Medtronic has initiated the first investigational sites in the U.S. to participate in PROTECT, the company’s international study comparing the Endeavor and Cypher drug-eluting stents on safety metrics, including stent thrombosis.
Carlos Mego, MD, and his team at Doctors Hospital at Renaissance in Edinburg, Texas, enrolled the first U.S. patient in PROTECT last week, according to the Minneapolis-based company.
Initiated in May 2007 in Europe, Medtronic said that PROTECT will enroll a total of 8,800 patients, equally randomized to its Endeavor zotarolimus-eluting coronary stent or the Cordis’ Cypher sirolimus-eluting coronary stent, at more than 200 medical centers globally. Enrollment through July stands at nearly 5,500 patients.

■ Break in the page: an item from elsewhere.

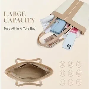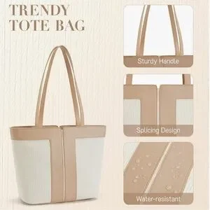This stylish shoulder bag/tote bag features a sophisticated tan and beige quilted and vegan leather design. It has a classic and versatile look that is perfect for everyday use or travel. Please note: the color way of this product is tan and beige. Comes nicely packaged (please see last two photos in product images).

Collectively, the company said that data from PROTECT augments the ENDEAVOR clinical program, which involves more than 21,000 patients—more than 15,000 of whom will have received an Endeavor stent.
PROTECT sites in the U.S. will serve to provide the FDA with U.S.-specific data on the post-market experience with the Endeavor stent, which received FDA approval Feb. 1, according to the company. The U.S. sites will enroll a minimum of 1,000 patients who receive Endeavor stents through PROTECT or, if necessary, through a nonrandomized continued-access arm.